-- Records provided --
□ □ □ □
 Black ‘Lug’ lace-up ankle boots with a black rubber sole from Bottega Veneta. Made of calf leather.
□ □ □ □
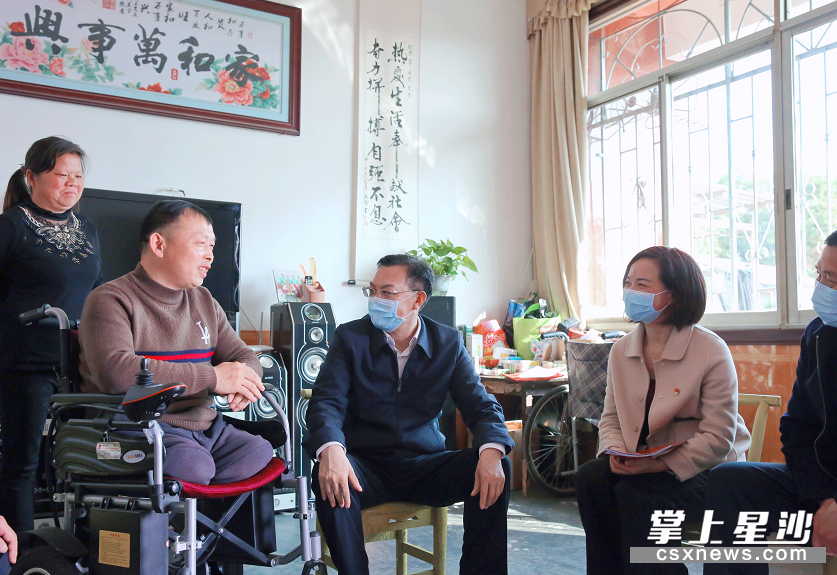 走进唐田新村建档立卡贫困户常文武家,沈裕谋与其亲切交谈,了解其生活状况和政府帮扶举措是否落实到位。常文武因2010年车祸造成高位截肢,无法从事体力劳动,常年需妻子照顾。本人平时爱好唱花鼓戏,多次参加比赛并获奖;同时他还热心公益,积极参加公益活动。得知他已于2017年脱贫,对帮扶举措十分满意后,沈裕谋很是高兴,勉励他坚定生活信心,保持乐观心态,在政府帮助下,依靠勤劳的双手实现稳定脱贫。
□ □ □ □
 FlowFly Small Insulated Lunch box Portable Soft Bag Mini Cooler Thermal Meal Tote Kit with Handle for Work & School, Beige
□ □ □ □
-- Exercise objective --
What is the number of lines in the listing above that contain the string "with"? Give only the number.

-- Solution below --
2